__What you need to do__: Beginning at the top of the data below, restate every line word for word until the line containing "In the morning" has been included, and omit the pictures.
•••
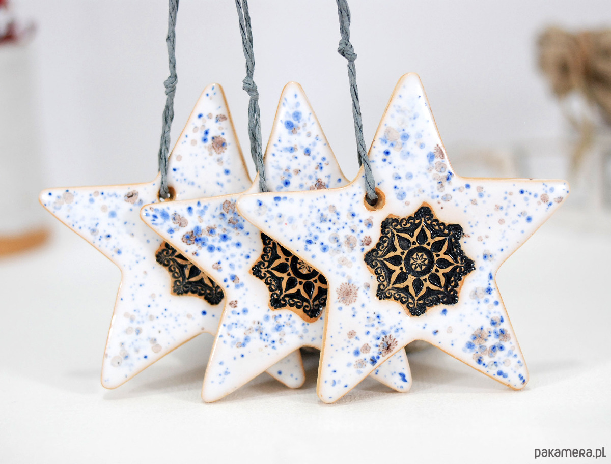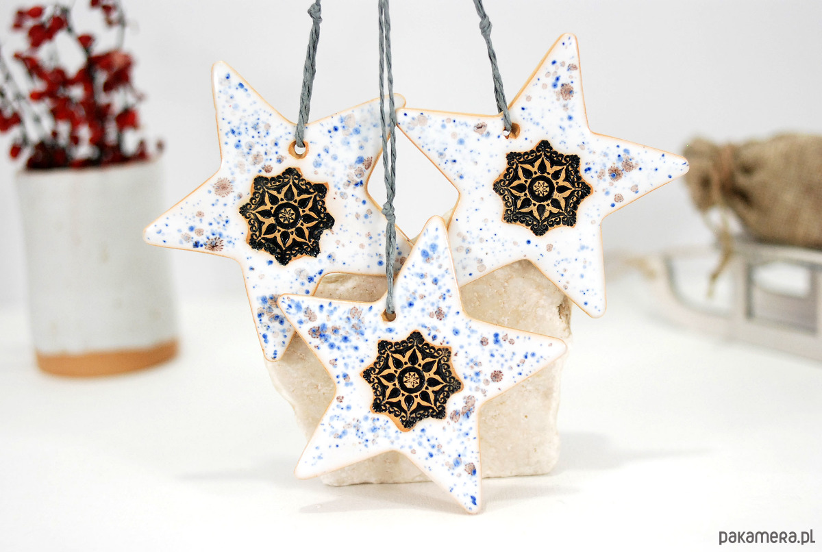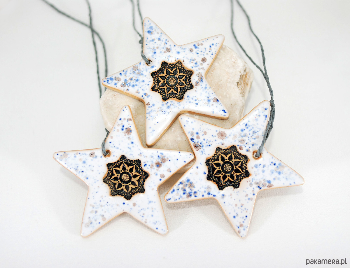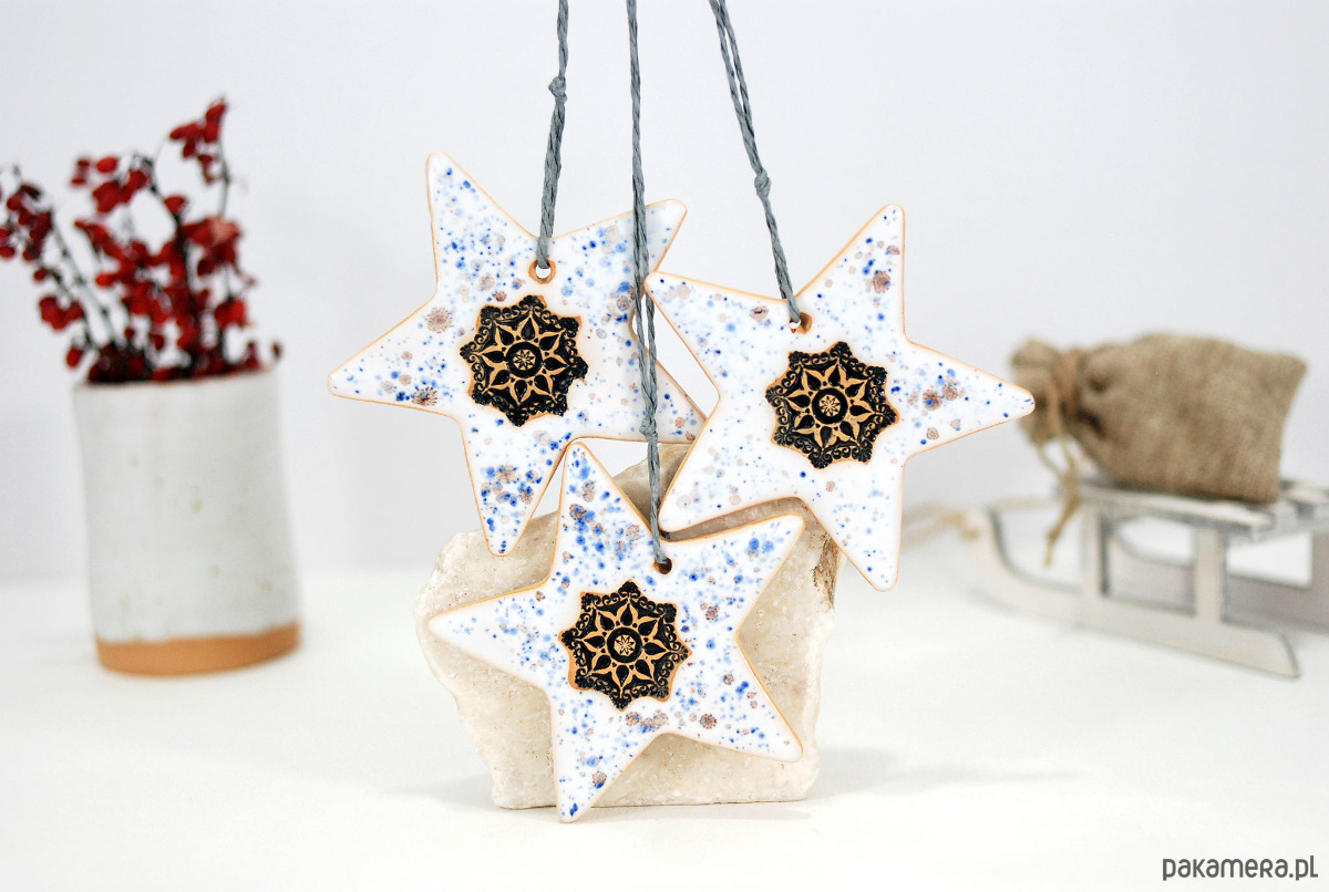 Komplet zawiera trzy ceramiczne gwiazdki choinkowe. Ozdoby są ręcznie robione i szkliwione co gwarantuje ich niepowtarzalność i indywidualny charakter. Można je powiesić klasycznie - na choince, ale pięknie będą się prezentować w oknie czy na ścianie. Ceramiczne ozdoby to również fajny pomysł na świąteczny prezent dla twoich najbliższych :)
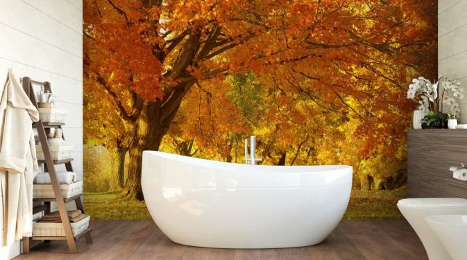 carta da parati murale con boschi gialli e arancioni chiamata Autumn Forest with Yellow Leaves per salotti, uffici domestici e camere da letto
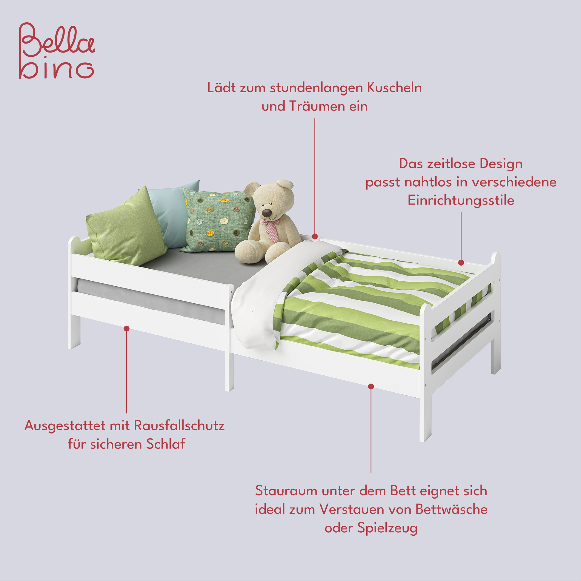 - Lieferumfang: Kinderbett inkl. Rausfallschutz und Lattenrost
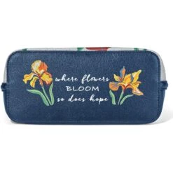 Inspired by Tiffany leaded glass lamps and an iris garden, this floral fantasy of a piece features our designer’s artwork digitally printed onto fine leather, creating a work-of-art slim-profile tote. On the bottom, a message reads, “let your dreams be your wings.”
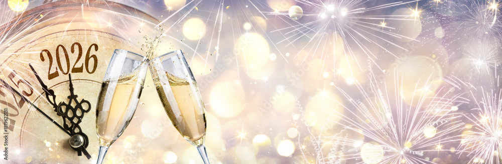 Fototapeta na wymiar - 2026 - New Year Celebration With Champagne And Clock - Toast With Flutes - Abstract Defocused Bokeh Lights.
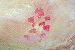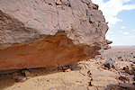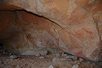 In the morning we continued with our search of the likely sites among the rock outcrops. Right at the first location we found a cluster of three shelters in a closed-off "street" all of which contained traces of paintings, one of them a large panel of hard to make out roundhead figures with numerous superpositions.
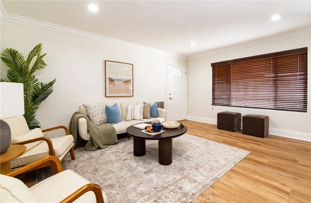 Welcome to this recently renovated, bright, and inviting 2-bedroom, 1-bathroom condo nestled in the highly desirable Zaferia District of Long Beach. This property offers a perfect blend of comfort and modern style.This well-designed 700 sq. ft. unit features a spacious open-concept living and dining area with crown molding, wide baseboards, and recessed lighting throughout. The interior boasts new vinyl flooring, fresh paint, and large double-pane windows that provide ample natural light and views of the courtyard. The kitchen is fully equipped with new stainless-steel appliances—including a refrigerator, stove, dishwasher, and microwave—complemented by white cabinetry and granite countertops. Both bedrooms provide generous closet space, including one walk-in closet. Residents can enjoy a large common deck area and beautifully landscaped grounds featuring slate walkways and a fountain. The gated community is pet-friendly and offers a community laundry area and well-maintained common spaces. Conveniently located near shops, restaurants, and the beach, this condo provides easy access to everything Long Beach has to offer. HOA fees include water and trash, making this a low-maintenance and practical choice. This home is a perfect opportunity for first-time buyers or anyone seeking a stylish, move-in-ready condo in a prime location.
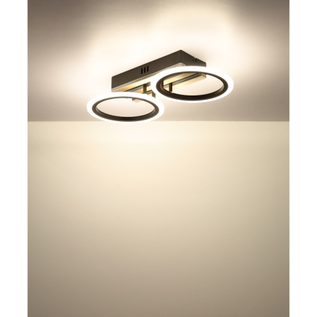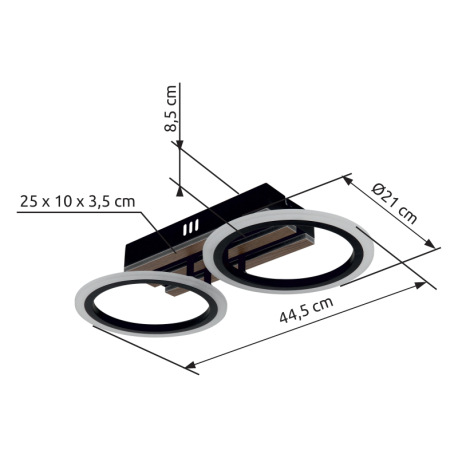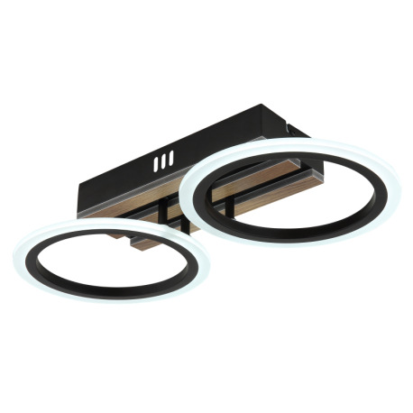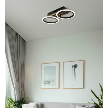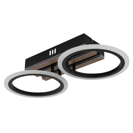 Stropné svietidlo, kov čierny matný, MDF s tmavým dreveným efektom, plast biely, niekoľko úrovní pom
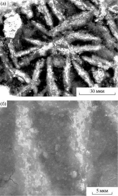 На рис. 2 приведена “дендритоподобная” структура образца соединения MgB2, полученная при горячем газостатическом прессовании порошков магния и бора [4]. Процесс кристаллизации интерметаллида MgB2 из расплава магния происходит в этих условиях путем последовательного зарождения и роста множества мелких кристалликов этого химического соединения, конгломерат которых и образует твердую фазу. “На общем темном фоне наблюдаются крупные иглы, часто исходящие из одного центра” (рис. 2а). “Хорошо видно при большом увеличении, что иглы и районы между ними состоят из отдельных кристалликов”, размеры которых составляют ~ 0.3–0.7 мкм (рис. 2б) [4].
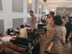 Jajaran Polrestabes Surabaya mengikuti aksi donor darah di peringatan Hut Bhayangkara ke 78 tahun. (Dok…
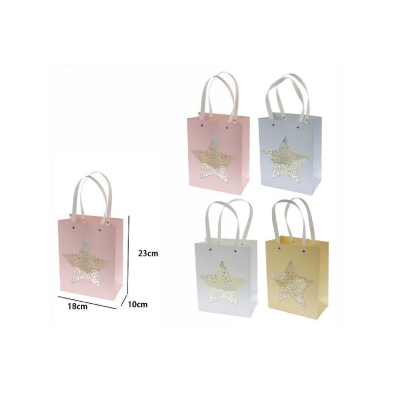 Set 2 Pz Buste Borsa da Regalo con Stella 23 x 18 x 10cm 69938 Varie ColorazioniLe buste borsa da regalo sono un modo elegante per presentare i tuoi doni in occasioni speciali. Con il nostro set di 2 pezzi, avrai tutto il necessario per impreziosire i tuoi regali. Disponibili in varie colorazioni, queste buste aggiungono un tocco di raffinatezza e stile al tuo dono.Caratteristiche Principali:Set da 2 Pz: Questo set include due buste borsa da regalo, ideali per regali di diverse dimensioni o per occasioni multiple.Design Con Stella: Ogni busta è decorata con una graziosa stella, che aggiunge un tocco di festività e gioia al tuo regalo.Misure Generose: Con dimensioni di 23 x 18 x 10cm, le nostre buste sono sufficientemente spaziose per contenere una vasta gamma di regali.Varie Colorazioni: Scegli tra una gamma di colori disponibili per trovare quello che si abbina perfettamente al tuo dono o all'occasione.Contenuto della Confezione:2 buste borsa da regalo con stella (colore
•••
__Exercise answer__:
 Komplet zawiera trzy ceramiczne gwiazdki choinkowe. Ozdoby są ręcznie robione i szkliwione co gwarantuje ich niepowtarzalność i indywidualny charakter. Można je powiesić klasycznie - na choince, ale pięknie będą się prezentować w oknie czy na ścianie. Ceramiczne ozdoby to również fajny pomysł na świąteczny prezent dla twoich najbliższych :)
 carta da parati murale con boschi gialli e arancioni chiamata Autumn Forest with Yellow Leaves per salotti, uffici domestici e camere da letto
 - Lieferumfang: Kinderbett inkl. Rausfallschutz und Lattenrost
 Inspired by Tiffany leaded glass lamps and an iris garden, this floral fantasy of a piece features our designer’s artwork digitally printed onto fine leather, creating a work-of-art slim-profile tote. On the bottom, a message reads, “let your dreams be your wings.”
 Fototapeta na wymiar - 2026 - New Year Celebration With Champagne And Clock - Toast With Flutes - Abstract Defocused Bokeh Lights.
 In the morning we continued with our search of the likely sites among the rock outcrops. Right at the first location we found a cluster of three shelters in a closed-off "street" all of which contained traces of paintings, one of them a large panel of hard to make out roundhead figures with numerous superpositions.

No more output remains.